TASK DETAILS:
In full and unaltered, output the records below.
---
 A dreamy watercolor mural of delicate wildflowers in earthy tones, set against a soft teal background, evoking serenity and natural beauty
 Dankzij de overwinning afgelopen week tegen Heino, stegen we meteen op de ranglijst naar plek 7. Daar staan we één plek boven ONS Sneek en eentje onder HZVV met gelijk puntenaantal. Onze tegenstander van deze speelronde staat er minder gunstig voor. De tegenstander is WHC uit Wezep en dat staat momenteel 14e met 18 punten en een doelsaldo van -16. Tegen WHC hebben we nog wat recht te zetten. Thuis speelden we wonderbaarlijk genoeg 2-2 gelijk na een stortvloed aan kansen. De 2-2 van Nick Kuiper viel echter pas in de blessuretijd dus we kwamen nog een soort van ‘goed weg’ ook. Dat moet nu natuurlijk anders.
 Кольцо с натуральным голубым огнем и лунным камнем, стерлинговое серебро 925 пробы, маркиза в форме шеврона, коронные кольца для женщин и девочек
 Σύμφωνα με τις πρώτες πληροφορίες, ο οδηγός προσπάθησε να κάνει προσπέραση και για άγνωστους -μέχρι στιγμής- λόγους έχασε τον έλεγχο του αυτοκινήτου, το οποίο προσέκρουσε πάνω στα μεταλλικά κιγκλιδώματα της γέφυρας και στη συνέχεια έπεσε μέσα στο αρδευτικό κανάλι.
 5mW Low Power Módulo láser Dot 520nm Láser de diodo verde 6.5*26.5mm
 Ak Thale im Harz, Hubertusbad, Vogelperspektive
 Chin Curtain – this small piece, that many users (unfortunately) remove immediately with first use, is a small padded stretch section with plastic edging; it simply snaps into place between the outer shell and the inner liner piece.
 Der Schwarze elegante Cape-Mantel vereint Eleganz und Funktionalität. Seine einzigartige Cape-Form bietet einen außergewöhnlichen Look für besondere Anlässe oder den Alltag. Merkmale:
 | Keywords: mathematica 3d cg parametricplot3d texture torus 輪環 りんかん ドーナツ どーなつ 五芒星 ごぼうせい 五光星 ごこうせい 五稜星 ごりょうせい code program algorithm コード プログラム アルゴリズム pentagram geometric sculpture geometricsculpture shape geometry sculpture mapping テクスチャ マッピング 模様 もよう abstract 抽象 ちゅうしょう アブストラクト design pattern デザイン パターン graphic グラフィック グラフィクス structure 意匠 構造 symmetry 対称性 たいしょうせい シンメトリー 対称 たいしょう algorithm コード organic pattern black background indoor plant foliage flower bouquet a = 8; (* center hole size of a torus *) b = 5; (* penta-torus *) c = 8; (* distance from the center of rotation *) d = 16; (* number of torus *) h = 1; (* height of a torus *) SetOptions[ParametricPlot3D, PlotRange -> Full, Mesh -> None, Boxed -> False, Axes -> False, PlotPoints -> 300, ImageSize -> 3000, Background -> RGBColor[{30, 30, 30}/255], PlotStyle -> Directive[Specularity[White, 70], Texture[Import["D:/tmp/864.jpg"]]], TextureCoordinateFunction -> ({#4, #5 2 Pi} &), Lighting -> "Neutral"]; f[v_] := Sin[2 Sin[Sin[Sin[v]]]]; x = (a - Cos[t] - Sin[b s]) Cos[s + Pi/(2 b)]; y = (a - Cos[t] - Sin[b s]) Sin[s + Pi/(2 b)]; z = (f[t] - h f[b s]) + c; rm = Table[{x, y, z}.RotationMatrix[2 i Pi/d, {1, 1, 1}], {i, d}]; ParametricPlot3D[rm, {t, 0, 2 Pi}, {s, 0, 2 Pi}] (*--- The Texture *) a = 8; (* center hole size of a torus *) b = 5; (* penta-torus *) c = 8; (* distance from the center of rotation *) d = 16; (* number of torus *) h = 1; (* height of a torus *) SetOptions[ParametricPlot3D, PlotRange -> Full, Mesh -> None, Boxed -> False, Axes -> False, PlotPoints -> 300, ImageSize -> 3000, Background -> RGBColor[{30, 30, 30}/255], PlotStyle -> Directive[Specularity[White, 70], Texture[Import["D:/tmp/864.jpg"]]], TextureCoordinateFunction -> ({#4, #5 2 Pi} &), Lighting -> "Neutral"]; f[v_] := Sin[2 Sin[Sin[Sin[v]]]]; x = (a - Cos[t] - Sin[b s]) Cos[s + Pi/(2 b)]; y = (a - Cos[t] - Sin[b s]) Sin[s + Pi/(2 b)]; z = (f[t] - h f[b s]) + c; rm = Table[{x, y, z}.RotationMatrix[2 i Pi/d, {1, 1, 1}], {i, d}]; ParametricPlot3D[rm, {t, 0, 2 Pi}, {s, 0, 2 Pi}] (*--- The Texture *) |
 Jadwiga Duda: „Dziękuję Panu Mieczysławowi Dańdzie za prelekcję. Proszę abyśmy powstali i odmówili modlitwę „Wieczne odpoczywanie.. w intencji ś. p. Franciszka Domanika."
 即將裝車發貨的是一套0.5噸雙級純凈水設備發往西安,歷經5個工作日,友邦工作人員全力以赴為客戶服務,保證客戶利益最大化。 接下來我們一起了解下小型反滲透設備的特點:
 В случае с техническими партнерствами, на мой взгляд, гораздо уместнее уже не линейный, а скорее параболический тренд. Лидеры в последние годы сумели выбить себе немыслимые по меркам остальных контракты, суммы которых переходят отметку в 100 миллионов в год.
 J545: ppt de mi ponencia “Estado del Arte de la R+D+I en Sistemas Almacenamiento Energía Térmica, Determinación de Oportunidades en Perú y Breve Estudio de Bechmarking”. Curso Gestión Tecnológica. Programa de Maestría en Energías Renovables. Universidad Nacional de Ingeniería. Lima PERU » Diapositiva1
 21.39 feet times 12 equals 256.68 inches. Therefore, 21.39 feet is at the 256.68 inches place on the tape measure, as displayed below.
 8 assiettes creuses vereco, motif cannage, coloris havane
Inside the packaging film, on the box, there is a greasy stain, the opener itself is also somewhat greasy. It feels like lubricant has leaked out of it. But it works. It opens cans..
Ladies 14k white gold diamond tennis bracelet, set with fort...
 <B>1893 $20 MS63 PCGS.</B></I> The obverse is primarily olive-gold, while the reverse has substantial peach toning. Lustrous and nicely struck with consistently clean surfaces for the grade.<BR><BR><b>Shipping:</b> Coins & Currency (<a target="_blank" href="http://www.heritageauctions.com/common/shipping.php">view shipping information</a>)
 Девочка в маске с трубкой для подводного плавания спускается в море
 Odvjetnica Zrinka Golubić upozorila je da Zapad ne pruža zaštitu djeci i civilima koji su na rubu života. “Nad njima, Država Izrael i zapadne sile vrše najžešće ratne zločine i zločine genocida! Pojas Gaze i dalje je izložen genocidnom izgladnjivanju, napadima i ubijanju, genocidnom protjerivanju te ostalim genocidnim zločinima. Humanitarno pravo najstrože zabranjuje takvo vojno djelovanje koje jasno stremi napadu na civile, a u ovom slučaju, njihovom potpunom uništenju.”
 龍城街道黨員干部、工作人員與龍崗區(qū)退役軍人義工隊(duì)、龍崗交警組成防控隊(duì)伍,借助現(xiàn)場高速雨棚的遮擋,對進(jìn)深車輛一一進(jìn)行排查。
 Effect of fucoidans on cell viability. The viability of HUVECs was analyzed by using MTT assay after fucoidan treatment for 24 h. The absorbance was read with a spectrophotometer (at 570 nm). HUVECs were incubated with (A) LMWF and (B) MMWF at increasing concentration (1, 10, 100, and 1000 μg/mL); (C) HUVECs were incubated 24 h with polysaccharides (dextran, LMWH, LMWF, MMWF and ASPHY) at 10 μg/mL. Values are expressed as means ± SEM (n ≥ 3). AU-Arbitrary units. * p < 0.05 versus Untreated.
---
REPLY:
 A dreamy watercolor mural of delicate wildflowers in earthy tones, set against a soft teal background, evoking serenity and natural beauty
 Dankzij de overwinning afgelopen week tegen Heino, stegen we meteen op de ranglijst naar plek 7. Daar staan we één plek boven ONS Sneek en eentje onder HZVV met gelijk puntenaantal. Onze tegenstander van deze speelronde staat er minder gunstig voor. De tegenstander is WHC uit Wezep en dat staat momenteel 14e met 18 punten en een doelsaldo van -16. Tegen WHC hebben we nog wat recht te zetten. Thuis speelden we wonderbaarlijk genoeg 2-2 gelijk na een stortvloed aan kansen. De 2-2 van Nick Kuiper viel echter pas in de blessuretijd dus we kwamen nog een soort van ‘goed weg’ ook. Dat moet nu natuurlijk anders.
 Кольцо с натуральным голубым огнем и лунным камнем, стерлинговое серебро 925 пробы, маркиза в форме шеврона, коронные кольца для женщин и девочек
 Σύμφωνα με τις πρώτες πληροφορίες, ο οδηγός προσπάθησε να κάνει προσπέραση και για άγνωστους -μέχρι στιγμής- λόγους έχασε τον έλεγχο του αυτοκινήτου, το οποίο προσέκρουσε πάνω στα μεταλλικά κιγκλιδώματα της γέφυρας και στη συνέχεια έπεσε μέσα στο αρδευτικό κανάλι.
 5mW Low Power Módulo láser Dot 520nm Láser de diodo verde 6.5*26.5mm
 Ak Thale im Harz, Hubertusbad, Vogelperspektive
 Chin Curtain – this small piece, that many users (unfortunately) remove immediately with first use, is a small padded stretch section with plastic edging; it simply snaps into place between the outer shell and the inner liner piece.
 Der Schwarze elegante Cape-Mantel vereint Eleganz und Funktionalität. Seine einzigartige Cape-Form bietet einen außergewöhnlichen Look für besondere Anlässe oder den Alltag. Merkmale:
 | Keywords: mathematica 3d cg parametricplot3d texture torus 輪環 りんかん ドーナツ どーなつ 五芒星 ごぼうせい 五光星 ごこうせい 五稜星 ごりょうせい code program algorithm コード プログラム アルゴリズム pentagram geometric sculpture geometricsculpture shape geometry sculpture mapping テクスチャ マッピング 模様 もよう abstract 抽象 ちゅうしょう アブストラクト design pattern デザイン パターン graphic グラフィック グラフィクス structure 意匠 構造 symmetry 対称性 たいしょうせい シンメトリー 対称 たいしょう algorithm コード organic pattern black background indoor plant foliage flower bouquet a = 8; (* center hole size of a torus *) b = 5; (* penta-torus *) c = 8; (* distance from the center of rotation *) d = 16; (* number of torus *) h = 1; (* height of a torus *) SetOptions[ParametricPlot3D, PlotRange -> Full, Mesh -> None, Boxed -> False, Axes -> False, PlotPoints -> 300, ImageSize -> 3000, Background -> RGBColor[{30, 30, 30}/255], PlotStyle -> Directive[Specularity[White, 70], Texture[Import["D:/tmp/864.jpg"]]], TextureCoordinateFunction -> ({#4, #5 2 Pi} &), Lighting -> "Neutral"]; f[v_] := Sin[2 Sin[Sin[Sin[v]]]]; x = (a - Cos[t] - Sin[b s]) Cos[s + Pi/(2 b)]; y = (a - Cos[t] - Sin[b s]) Sin[s + Pi/(2 b)]; z = (f[t] - h f[b s]) + c; rm = Table[{x, y, z}.RotationMatrix[2 i Pi/d, {1, 1, 1}], {i, d}]; ParametricPlot3D[rm, {t, 0, 2 Pi}, {s, 0, 2 Pi}] (*--- The Texture *) a = 8; (* center hole size of a torus *) b = 5; (* penta-torus *) c = 8; (* distance from the center of rotation *) d = 16; (* number of torus *) h = 1; (* height of a torus *) SetOptions[ParametricPlot3D, PlotRange -> Full, Mesh -> None, Boxed -> False, Axes -> False, PlotPoints -> 300, ImageSize -> 3000, Background -> RGBColor[{30, 30, 30}/255], PlotStyle -> Directive[Specularity[White, 70], Texture[Import["D:/tmp/864.jpg"]]], TextureCoordinateFunction -> ({#4, #5 2 Pi} &), Lighting -> "Neutral"]; f[v_] := Sin[2 Sin[Sin[Sin[v]]]]; x = (a - Cos[t] - Sin[b s]) Cos[s + Pi/(2 b)]; y = (a - Cos[t] - Sin[b s]) Sin[s + Pi/(2 b)]; z = (f[t] - h f[b s]) + c; rm = Table[{x, y, z}.RotationMatrix[2 i Pi/d, {1, 1, 1}], {i, d}]; ParametricPlot3D[rm, {t, 0, 2 Pi}, {s, 0, 2 Pi}] (*--- The Texture *) |
 Jadwiga Duda: „Dziękuję Panu Mieczysławowi Dańdzie za prelekcję. Proszę abyśmy powstali i odmówili modlitwę „Wieczne odpoczywanie.. w intencji ś. p. Franciszka Domanika."
 即將裝車發貨的是一套0.5噸雙級純凈水設備發往西安,歷經5個工作日,友邦工作人員全力以赴為客戶服務,保證客戶利益最大化。 接下來我們一起了解下小型反滲透設備的特點:
 В случае с техническими партнерствами, на мой взгляд, гораздо уместнее уже не линейный, а скорее параболический тренд. Лидеры в последние годы сумели выбить себе немыслимые по меркам остальных контракты, суммы которых переходят отметку в 100 миллионов в год.
 J545: ppt de mi ponencia “Estado del Arte de la R+D+I en Sistemas Almacenamiento Energía Térmica, Determinación de Oportunidades en Perú y Breve Estudio de Bechmarking”. Curso Gestión Tecnológica. Programa de Maestría en Energías Renovables. Universidad Nacional de Ingeniería. Lima PERU » Diapositiva1
 21.39 feet times 12 equals 256.68 inches. Therefore, 21.39 feet is at the 256.68 inches place on the tape measure, as displayed below.
 8 assiettes creuses vereco, motif cannage, coloris havane
Inside the packaging film, on the box, there is a greasy stain, the opener itself is also somewhat greasy. It feels like lubricant has leaked out of it. But it works. It opens cans..
Ladies 14k white gold diamond tennis bracelet, set with fort...
 <B>1893 $20 MS63 PCGS.</B></I> The obverse is primarily olive-gold, while the reverse has substantial peach toning. Lustrous and nicely struck with consistently clean surfaces for the grade.<BR><BR><b>Shipping:</b> Coins & Currency (<a target="_blank" href="http://www.heritageauctions.com/common/shipping.php">view shipping information</a>)
 Девочка в маске с трубкой для подводного плавания спускается в море
 Odvjetnica Zrinka Golubić upozorila je da Zapad ne pruža zaštitu djeci i civilima koji su na rubu života. “Nad njima, Država Izrael i zapadne sile vrše najžešće ratne zločine i zločine genocida! Pojas Gaze i dalje je izložen genocidnom izgladnjivanju, napadima i ubijanju, genocidnom protjerivanju te ostalim genocidnim zločinima. Humanitarno pravo najstrože zabranjuje takvo vojno djelovanje koje jasno stremi napadu na civile, a u ovom slučaju, njihovom potpunom uništenju.”
 龍城街道黨員干部、工作人員與龍崗區(qū)退役軍人義工隊(duì)、龍崗交警組成防控隊(duì)伍,借助現(xiàn)場高速雨棚的遮擋,對進(jìn)深車輛一一進(jìn)行排查。
 Effect of fucoidans on cell viability. The viability of HUVECs was analyzed by using MTT assay after fucoidan treatment for 24 h. The absorbance was read with a spectrophotometer (at 570 nm). HUVECs were incubated with (A) LMWF and (B) MMWF at increasing concentration (1, 10, 100, and 1000 μg/mL); (C) HUVECs were incubated 24 h with polysaccharides (dextran, LMWH, LMWF, MMWF and ASPHY) at 10 μg/mL. Values are expressed as means ± SEM (n ≥ 3). AU-Arbitrary units. * p < 0.05 versus Untreated.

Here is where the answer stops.